◆ **DATA SHOWN**
+---+
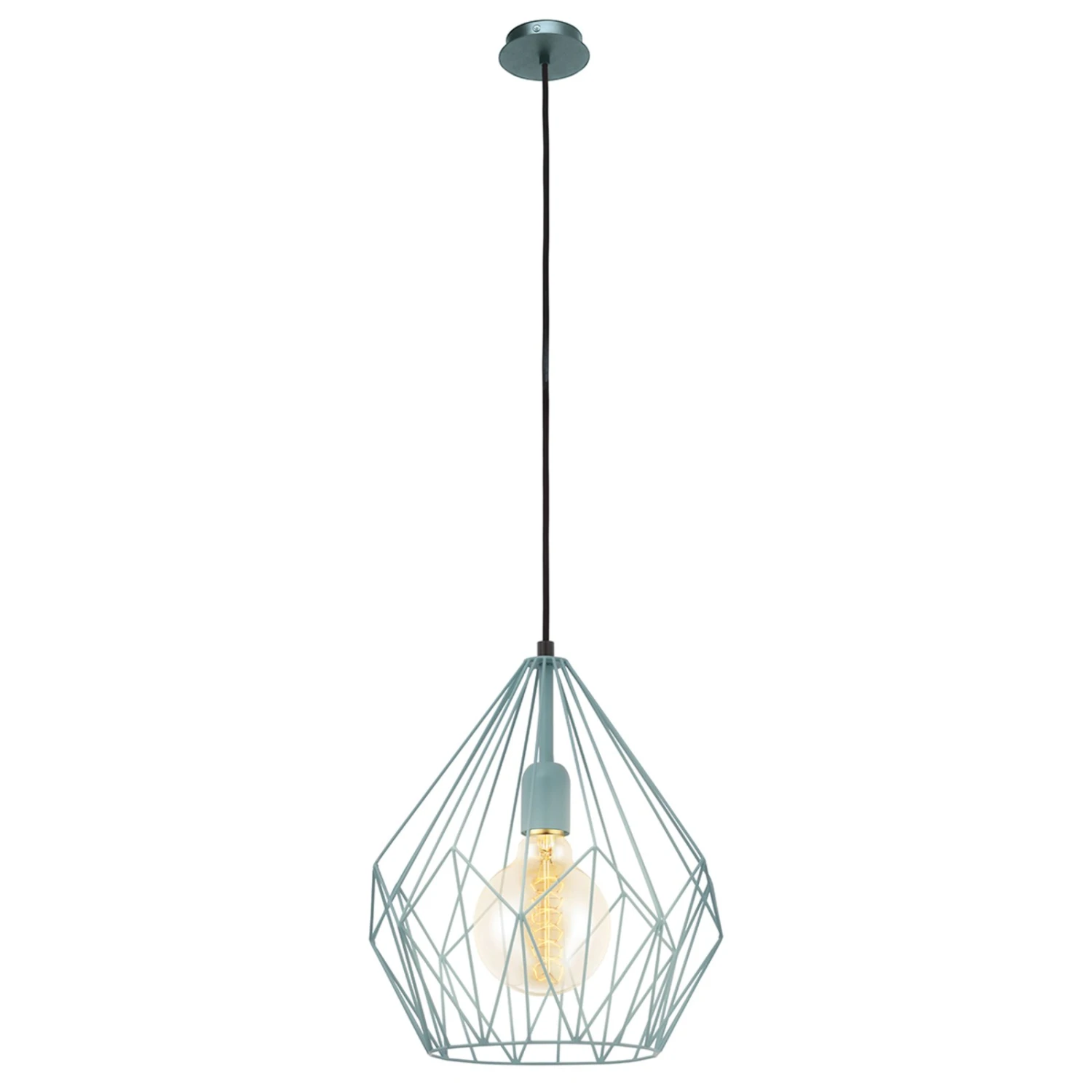 Des entretoises métalliques filigranes en forme de diamant forment l’abat-jour de cette pièce maîtresse de la suspension. La structure en fil métallique de couleur menthe qui entoure l’ampoule ne crée pas seulement une optique particulièrement colorée, mais aussi une image lumineuse unique qui résulte de la formation d’ombres des différentes entretoises métalliques lorsqu’elles sont allumées. Mais la suspension à câble, sur laquelle sont fixés le panier métallique et la douille E27, se démarque elle aussi merveilleusement du reste du luminaire, car elle est noire, contrairement à l’abat-jour.
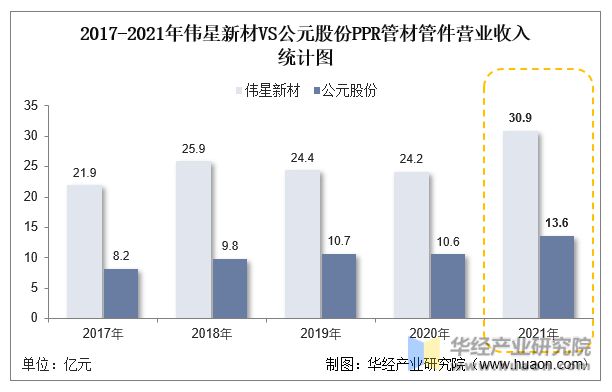 分企業(yè)來看,偉星新材的2021年PPR管材管件行業(yè)營收30.9億元,同比增長27.6%;公元股份則是營收13.6億元,較上年增長28.5%。
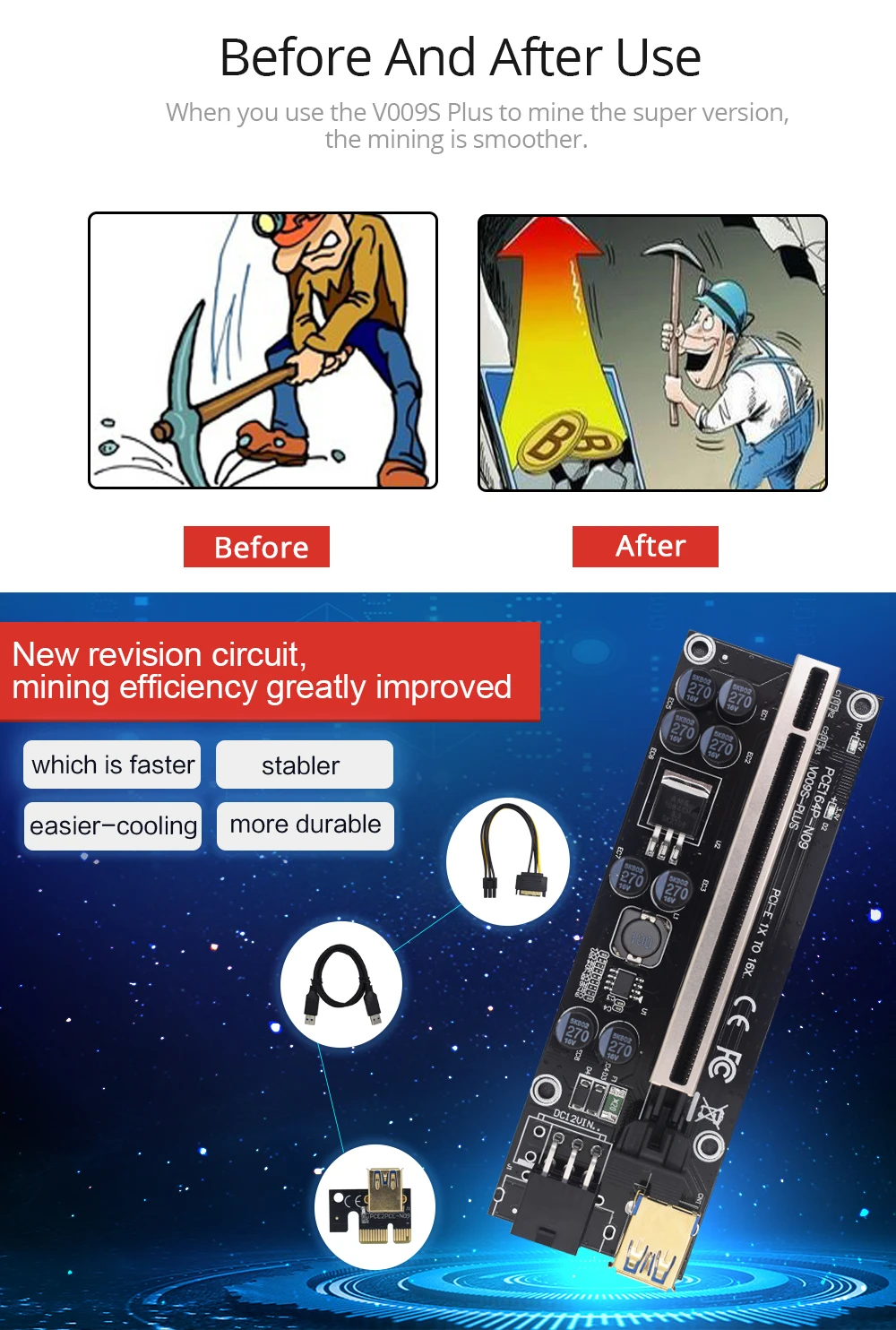 TISHRIC 6 шт. VER009S Plus Райзер-карта PCI 6Pin 009S Майнер для ма...
+---+
◆ **PROMPT**
Please write out all of the data verbatim, with no pictures in the copy.

◆ **PROBLEM SOLUTION**
 Des entretoises métalliques filigranes en forme de diamant forment l’abat-jour de cette pièce maîtresse de la suspension. La structure en fil métallique de couleur menthe qui entoure l’ampoule ne crée pas seulement une optique particulièrement colorée, mais aussi une image lumineuse unique qui résulte de la formation d’ombres des différentes entretoises métalliques lorsqu’elles sont allumées. Mais la suspension à câble, sur laquelle sont fixés le panier métallique et la douille E27, se démarque elle aussi merveilleusement du reste du luminaire, car elle est noire, contrairement à l’abat-jour.
 分企業(yè)來看,偉星新材的2021年PPR管材管件行業(yè)營收30.9億元,同比增長27.6%;公元股份則是營收13.6億元,較上年增長28.5%。
 TISHRIC 6 шт. VER009S Plus Райзер-карта PCI 6Pin 009S Майнер для ма...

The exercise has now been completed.